** Opening STUDY MATERIAL block **
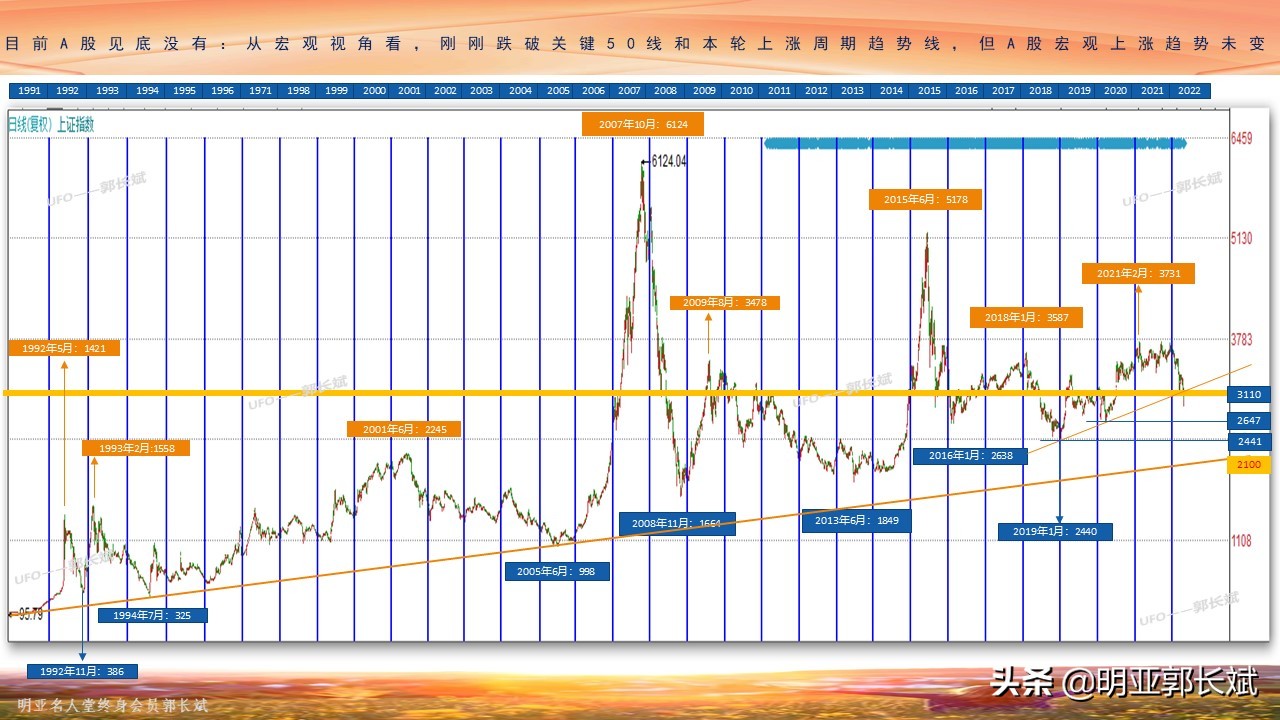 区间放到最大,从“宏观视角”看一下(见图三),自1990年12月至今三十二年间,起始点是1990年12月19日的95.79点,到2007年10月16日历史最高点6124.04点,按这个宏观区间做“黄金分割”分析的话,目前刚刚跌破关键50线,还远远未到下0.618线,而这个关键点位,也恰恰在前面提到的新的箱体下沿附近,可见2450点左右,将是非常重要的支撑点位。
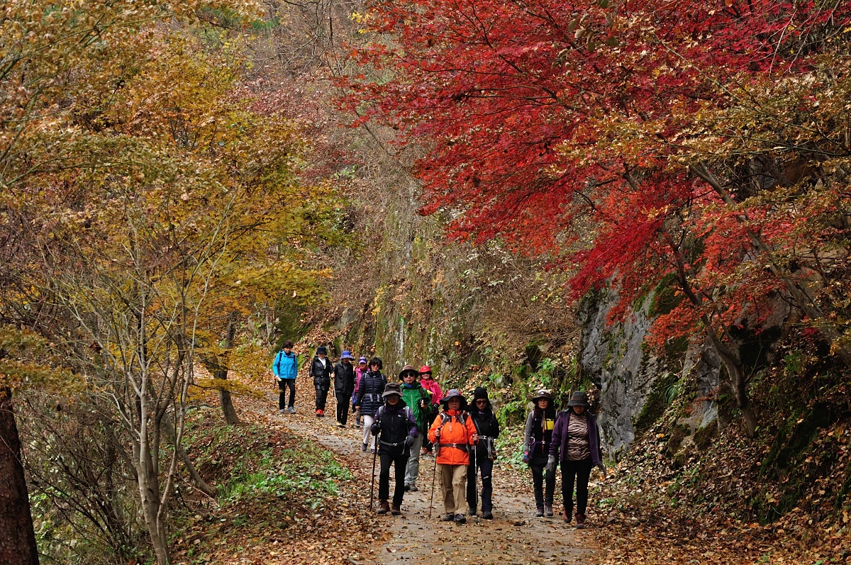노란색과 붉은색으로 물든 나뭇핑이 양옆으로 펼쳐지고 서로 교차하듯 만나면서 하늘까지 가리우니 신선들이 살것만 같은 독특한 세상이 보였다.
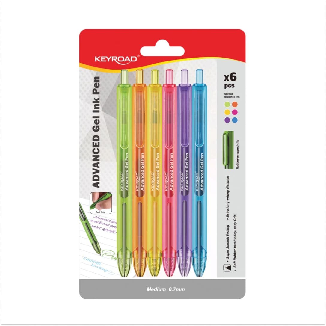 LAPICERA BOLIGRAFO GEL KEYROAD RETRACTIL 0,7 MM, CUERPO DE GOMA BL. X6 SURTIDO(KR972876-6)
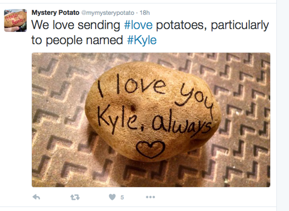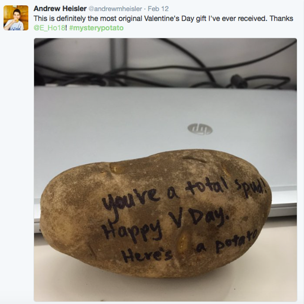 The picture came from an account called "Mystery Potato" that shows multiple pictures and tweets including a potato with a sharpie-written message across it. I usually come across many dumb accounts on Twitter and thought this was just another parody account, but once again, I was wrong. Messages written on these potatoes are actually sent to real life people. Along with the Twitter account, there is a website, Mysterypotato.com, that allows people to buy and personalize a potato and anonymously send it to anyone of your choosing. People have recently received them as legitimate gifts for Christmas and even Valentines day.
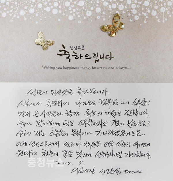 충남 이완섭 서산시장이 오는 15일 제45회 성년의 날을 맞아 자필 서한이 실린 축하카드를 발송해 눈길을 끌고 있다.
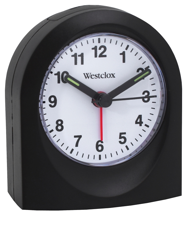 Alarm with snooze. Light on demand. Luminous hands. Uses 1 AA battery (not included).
** Closing STUDY MATERIAL block **
### TASK INSTRUCTIONS
Reproduce, exactly and only, the lines of the records above starting at the line with "노란색과 붉은색으로 물든" and ending at the line with "LAPICERA BOLIGRAFO GEL", both included. Leave every picture out.

### WRITTEN ANSWER
노란색과 붉은색으로 물든 나뭇핑이 양옆으로 펼쳐지고 서로 교차하듯 만나면서 하늘까지 가리우니 신선들이 살것만 같은 독특한 세상이 보였다.
 LAPICERA BOLIGRAFO GEL KEYROAD RETRACTIL 0,7 MM, CUERPO DE GOMA BL. X6 SURTIDO(KR972876-6)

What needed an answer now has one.